Teachmeet MEA & EMC

clipclub

Clip club session January 2013

March 2013 Notes from Teachmeet presentation:

Making Messy Digital Norms

Title is as a kind of provocation in response to how media production activities tend to cleave towards discourses on creativity and newness, there’s this sheen of innovation and progress, and the more we shore up this association, perhaps the easier it is to ‘other’ our field. So that’s my ‘frame of mind’ for the following project, to interrupt this trajectory and make DV production normal (as indeed it is for some outside school anyway) and nurture an authorising environment for digital messiness and agency:

  1. I’m trying to create a rich dynamic learning experience in an East London primary school, running a weekly After-School Film Club for a small group of 8 ten year old children. Some of them are vulnerable kids working with a Learning Mentor, who helps out and provides continuity through the week. It’s called theclipclub.co.uk – this is our blog which is beginning to function as a hub for our learning community.

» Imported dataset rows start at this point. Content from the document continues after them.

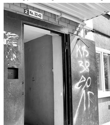
Сломанный домофон, выбитые стекла, мусор в подъезде дома №10Б по ул. Фучика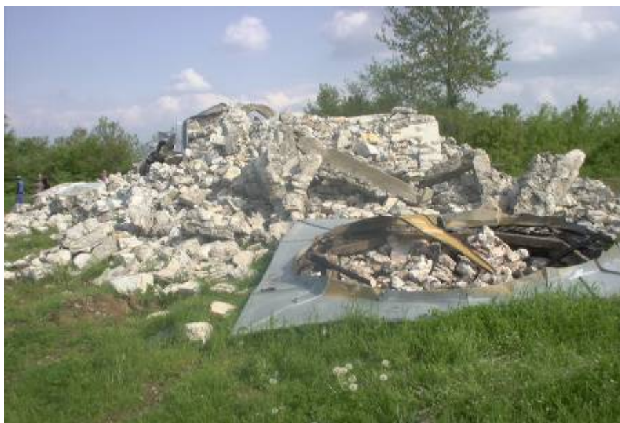
“Св. Илия” край Бистрадзин, април 2004 г.

По-особено място в програмата на мисията заема Галерията-ателие на албанския скулптор Агим Чавдарбаш в с. Чаглавица. Малката къща, превърната след смъртта на автора в галерия, е имала нещастieto да се намира сред сръбски къщи и е била изгорена заедно с тях. този случай е илюстрация на сляпото безмислие на събитията от месец март.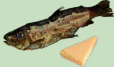
肉類、魚類及奶製品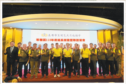
圖／高雄市後備憲兵荷松協會苓雅分會授證典禮。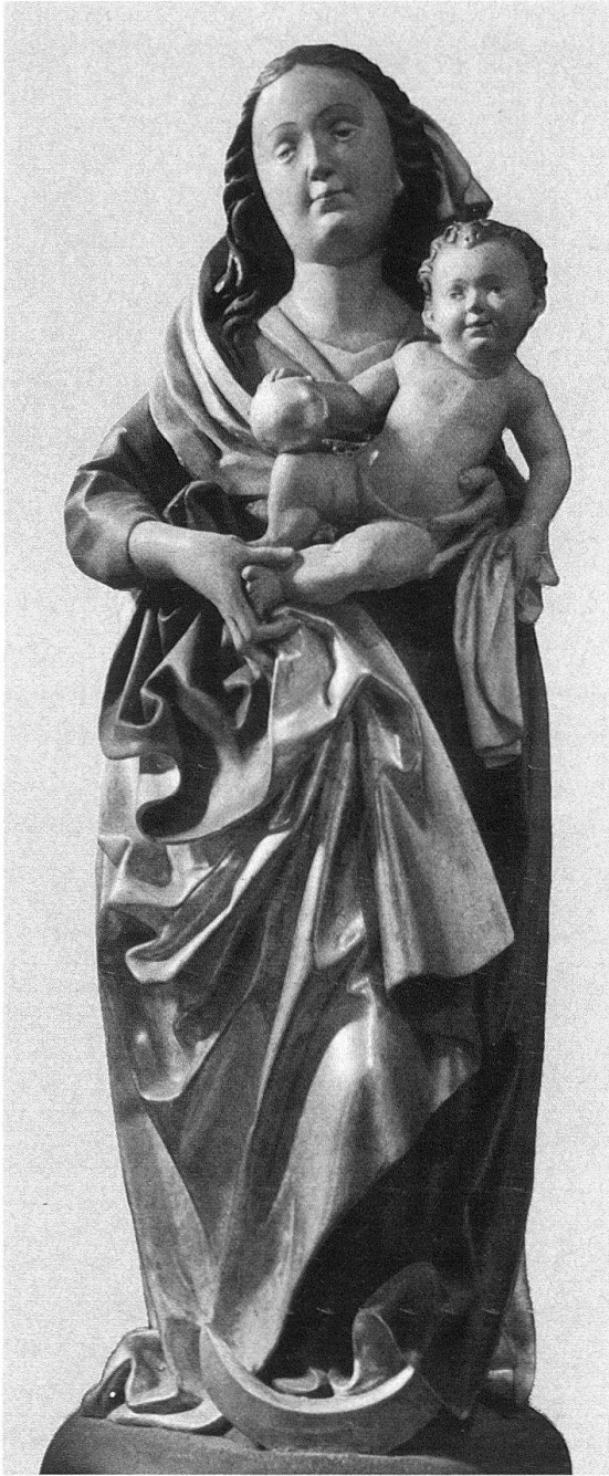
Näfels, Friedhofkapelle. Madonna. Um 1490; Yvo Strigel zugeschrieben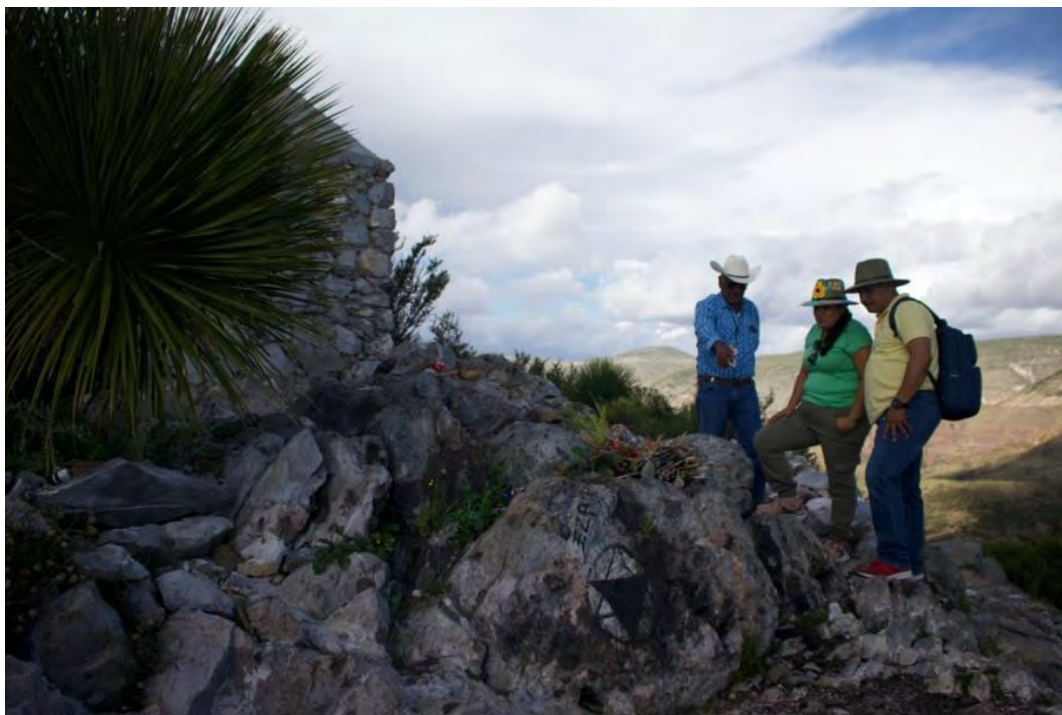
Figura 5. Turistas observando la piedra del niño quemado, mientras que su guía o caballerango interpreta la leyenda Wixárika del niño sacrificado en nombre del Sol en el Cerro del Quemado; representa una afluencia turística para la cabecera municipal de Real de Catorce y una derrama económica para la comunidad ejidal de Catorce.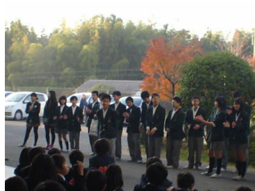
↑ 「待ってるよ！」生徒会の先輩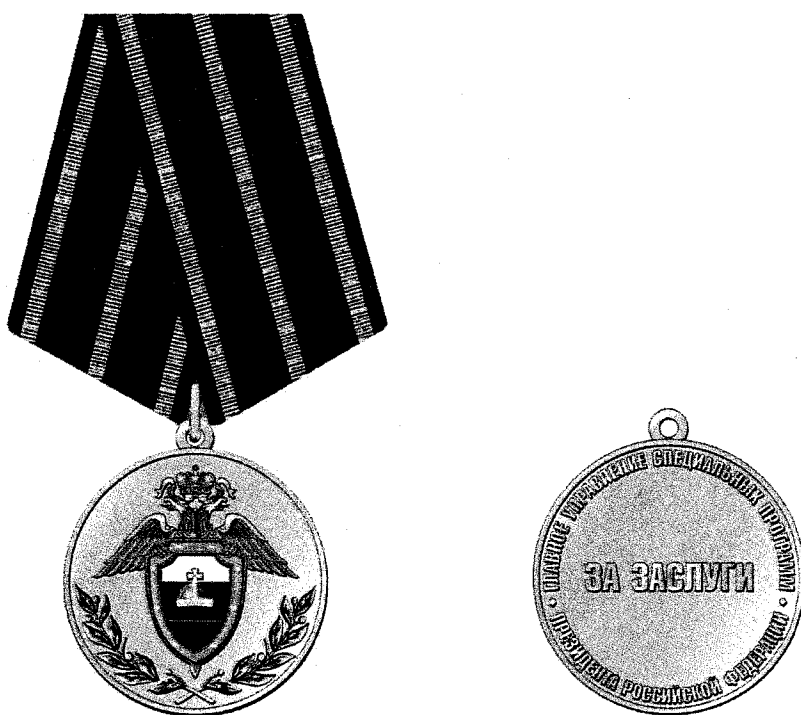
РИСУНОК медали «За заслуги»

Медаль при помощи ушка и кольца соединяется с пятиугольной колодкой, обтянутой шелковой муаровой лентой темно-красного цвета шириной 24 мм с желтыми полосами по краям. Посередине ленты желтая полоса шириной 2 мм.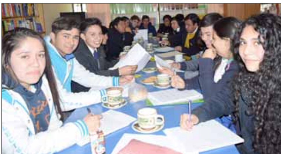
LIMPIEZA PARA LA NUEVA CHACABUCO.- Las cámaras de Diario El Trabajo tomaron registro de la reunión desarrollada ayer jueves en torno al operativo a desarrollarse el próximo viernes en horas de la mañana.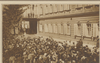
Zum griechisch-türkischen Konflikte. Das Volk huldigt dem Zaren vor dem Palast in Sidon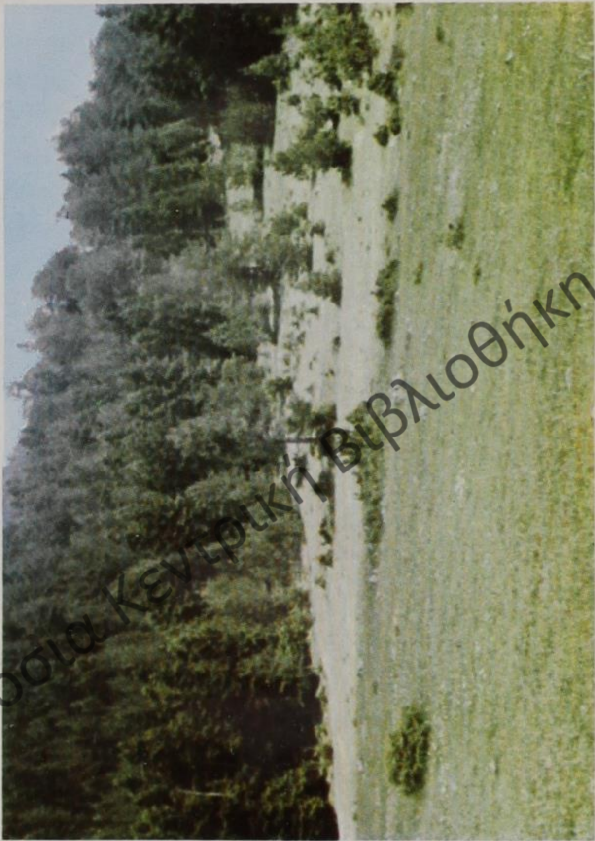
Τὰ ξέφωτα τῆς Λέσιαντζας.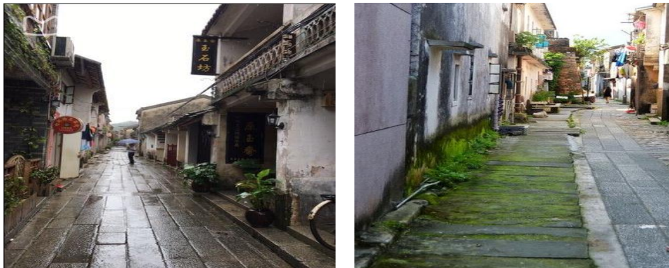
图 1、2 古城一角

穿过一排排郁郁葱葱的小香樟树，我们按照行程的远近，率先去了大鹏古城。不同于民族风味浓郁的大理古城，也不同于历史底蕴深厚的凤凰古城，被大雨倾洒过的大鹏古城更像是一个犹抱琵琶半遮面的害羞少女。雨水过后升腾而起的雾气和湿润未干的石块地板以及呼吸间肺腑吸取的凉意，无不让人感受到一股清新。有别于特意营造的古风古色，大鹏古城更像是小时候外婆带着走过的老街，纯朴，亲昵。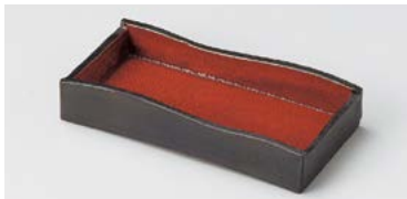
カ124-017 ジャパネスク長角突出皿小 19.8×9.2×2.8cm (30入・陶) 3,500円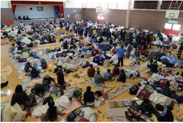
川内村村民体育センター避難所

長期の避難生活による影響は計り知れないものがありました。体調を崩す村民が続出し、特に高齢者においては入院や要介護度の重症化に伴う施設入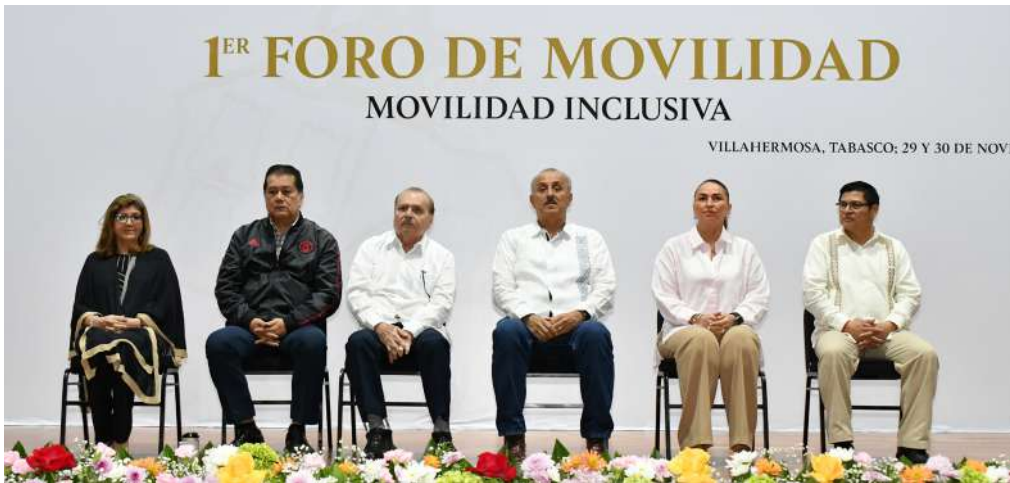
Este Foro se llevó a cabo en la División Académica de Ciencias Sociales y Humanidades

One cycle over say 3 – 4 weeks might run like this:

  • we watch a short film or animation or film clip
  • we reflect on a section for film language and meaning
  • they’re then given a short brief: eg. a 4-shot sequence including 1 or 2 specific elements of film language seen in the clip – eye-line match, or ECU
  • after a short chat and/or storyboard session, they go off in 2 or 3 groups with Flip cameras – and interpret the brief – pretty well improvising
  • 10 mins later they come back
  • we upload all the clips onto Mac books
  • they collaborate on short edited sequences in iMovie sharing and moving between each others’ footage
  • we upload the rushes and/or the “finished” clips onto the blog
  • I make sure there’s always something new to see, think about or experiment with at home on the blog
  • they go home and interact with the blog with comments and 1 or 2 have started posting

Apart from technical and social skills – what are the kids learning from this messy, experimental, unpolished, improvisatory, open-ended, serendipitous experience in the so-called “third (learning) space”/ this after-not-school-club? I’d like to reframe the question and make it less about outcomes and content and more about experiential aspects : so what they’re practising is a form of fairly high stakes (for them) social and digital participation with a purpose beyond just ‘mediated sociality’ I’d like to propose that they’re practising certain metacognitive frames of mind (to borrow from Howard Gardener). Learning how it FEELS:

  • to be reflexive: to conceptualise and interpret the audiovisual through iterative processes of problem-finding and problem-solving
  • take critically informed action with achievable public and dialogic outcomes
  • to synthesise and take risks with popular cultural material – and what’s more  it’s valued!
  • probably most importantly, how it feels to be autonomous makers of meaning – or digital craftsmen – in a flattened, non-threatening social learning environment

In terms of media production practices in schools:

  1. How far can we take the craft analogy in relation to digital manipulation?
  2. What are the risks of not deploying messy media production in schools?
  3. What’s the impact of economically-driven educational reform as opposed to more learner-centred approaches?